As for special hooks that MS applications get into the OS that no one else gets, how about an actual example?

Re:thoughts on patchguard

[Eivind Eklund]

Actually, at least FreeBSD let you block kernel modules and all other ways of modifying the kernel (until reboot): Set the sysctl kern.securelevel.

Eivind.

The Microsoft statement is behind the other link

[jesterzog]

Don't get me wrong, I think PatchGuard probably has more holes than a slice of Swiss cheese... but the submitter's text needs redacting, and the original article could do with an -actual- statement from Microsoft.
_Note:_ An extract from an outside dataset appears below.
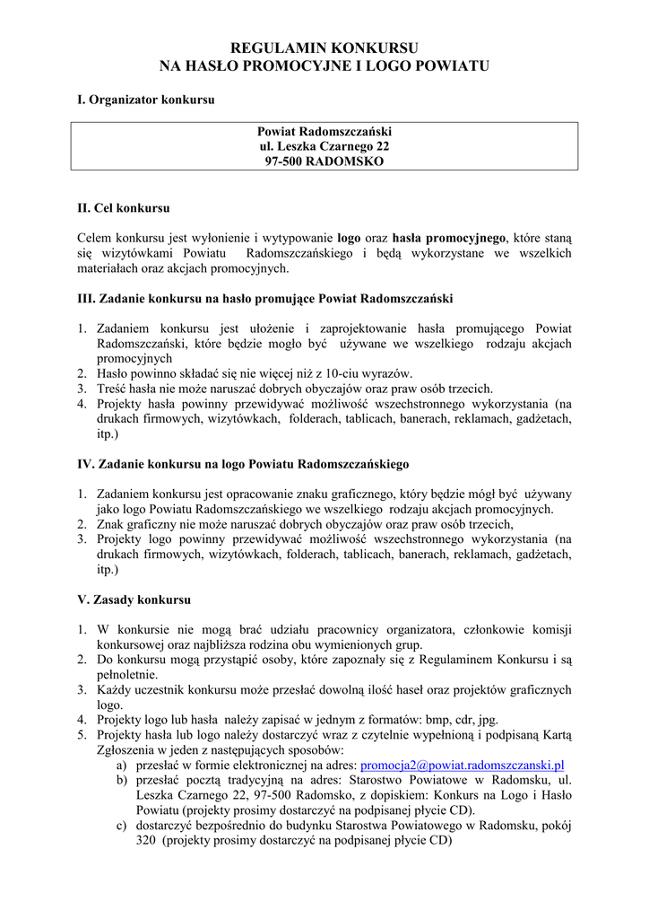 regulamin konkursu na hasło promocyjne i logo powiatu

Perhaps this link was added to the slashdot summary after you posted your comment for all I know, but the slashdot summary that I read had two links, and I found that statement quite clearly after following the first link [intelliadmin.com]. About the 13th paragraph down in that article states, complete with the additional link that I've included here:

Microsoft immediately responded with a angry attack [eweek.com] stating that that the hack harmed windows users by reducing the security of Windows.

So no points for grammar in that sentance (which I copied verbatim), but it seems to explain quite clearly what the Microsoft criticism is. That second linked article begins with the paragraph:

Microsoft officials say they are unhappy that security software maker Authentium has decided to bypass the controversial PatchGuard kernel protection feature in its next-generation Vista operating system, and said that the tactic could lead to eventual problems for users of the company's software.

...and goes on for quite a while. Is this the statement you meant?